This is the code repository for Mastering Machine Learning with scikit-learn - Second Edition, published by Packt. It contains all the supporting project files necessary to work through the book from start to finish.
This book examines a variety of machine learning models including k-nearest neighbors, logistic regression, naive Bayes, k-means, decision trees, and artificial neural networks. It discusses data preprocessing, hyperparameter optimization, and ensemble methods. You will build systems that classify documents, recognize images, detect ads, and more. You will learn to use scikit-learn’s API to extract features from categorical variables, text and images; evaluate model performance; and develop an intuition for how to improve your model’s performance.

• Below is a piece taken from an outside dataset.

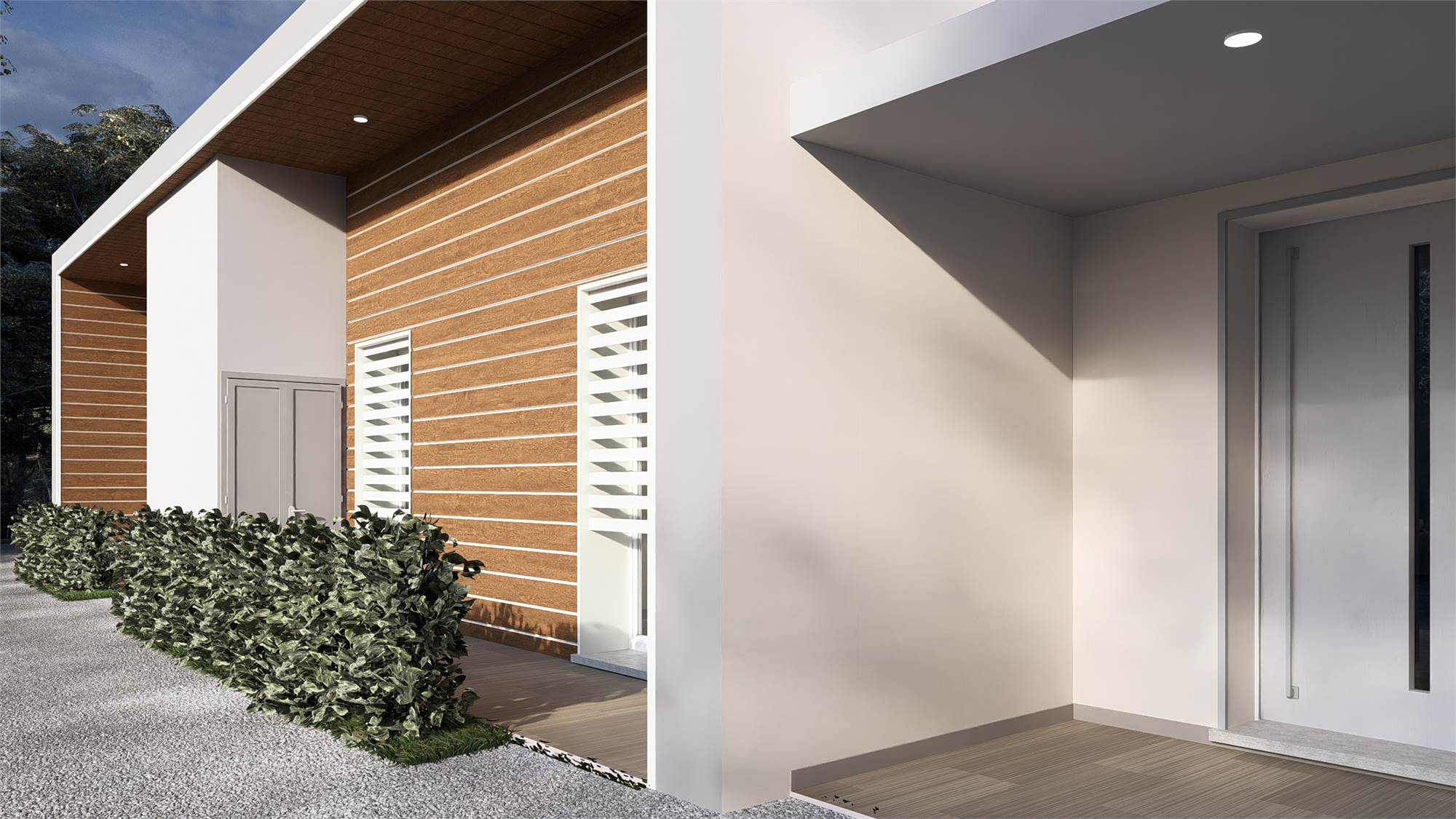 Pur essendo studiata nei minimi dettagli il progetto lascia la possibilità di personalizzazione al futuro proprietario su tutti quelli che sono i materiali di finitura potendo in questo modo partire da una casa costruita con un attento studio ma allo stesso tempo che lascia spazio alle proprie personalizzazioni per entrare ,alla consegna, nella casa dei propri sogni .

All of the code is organized into folders. Each folder starts with a number followed by the application name. For example, Chapter02.

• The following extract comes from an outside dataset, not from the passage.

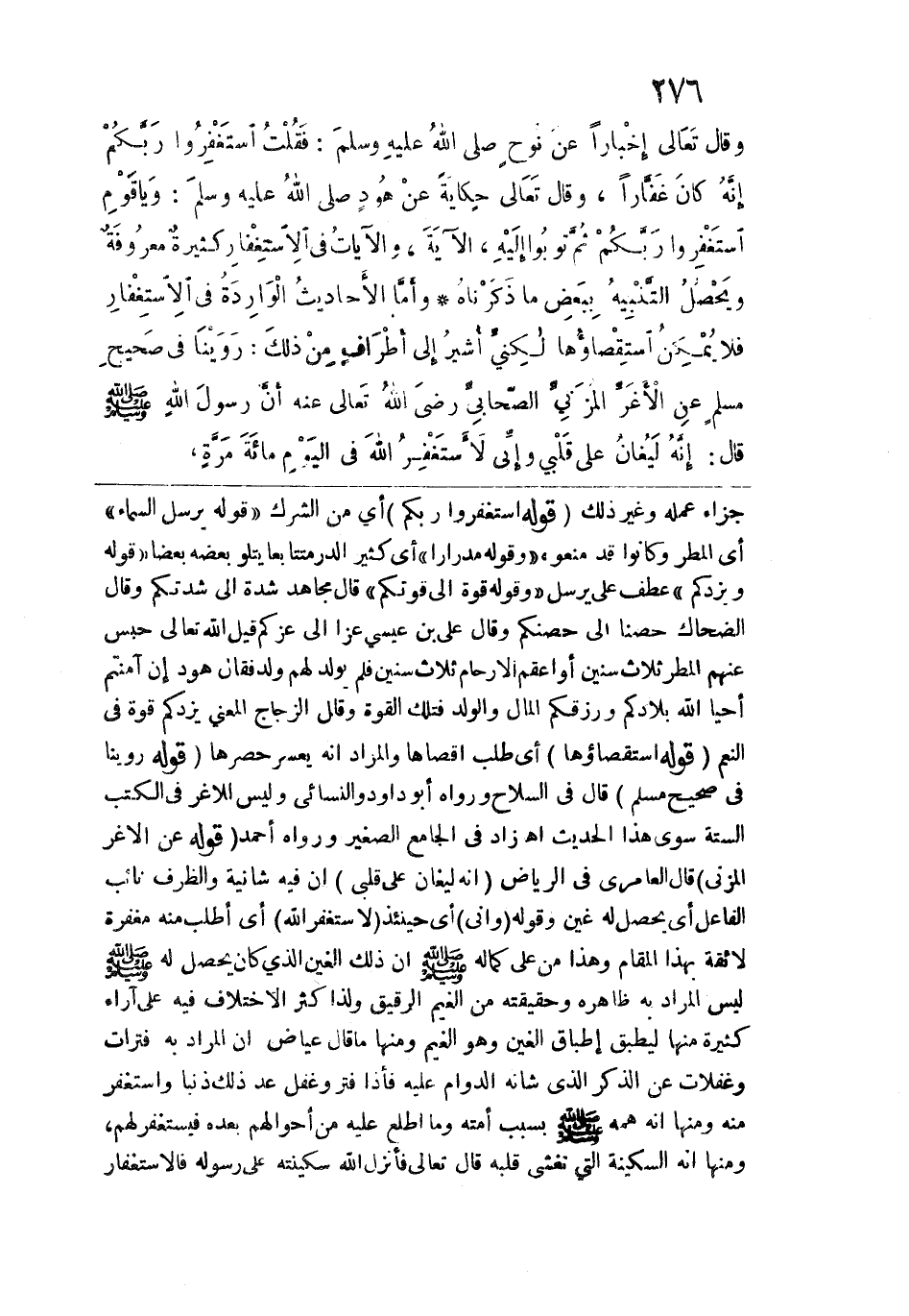 وقال تعالى إخباراً عن نوح -صلى الله عليه وسلم-: {فَقُلْتُ اسْتَغْفِرُوا رَبَّكُمْ إِنَّهُ كَانَ غَفَّارًا} [نوح: 10] وقال تعالى حكاية عن هود -صلى الله عليه وسلم-: {وَيَا قَوْمِ اسْتَغْفِرُوا رَبَّكُمْ ثُمَّ تُوبُوا إِلَيْهِ ... } [هود: 52] والآيات في الاستغفار كثيرة معروفة، ويحصل التنبيه ببعض ما ذكرناه.

The code will look like the following:
Code words in text, database table names, folder names, filenames, file extensions,
pathnames, dummy URLs, user input, and Twitter handles are shown as follows: "The
package is named sklearn because scikit-learn is not a valid Python package name."
# In[1]:
import sklearn
sklearn.__version__
# Out[1]:
'0.18.1'
The examples in this book require Python >= 2.7 or >= 3.3 and pip, the PyPA recommended tool for installing Python packages. The examples are intended to be executed in a Jupyter notebook or an IPython interpreter. Chapter 1, The Fundamentals of Machine Learning shows how to install scikit-learn 0.18.1, its dependencies, and other libraries on Ubuntu, Mac OS, and Windows.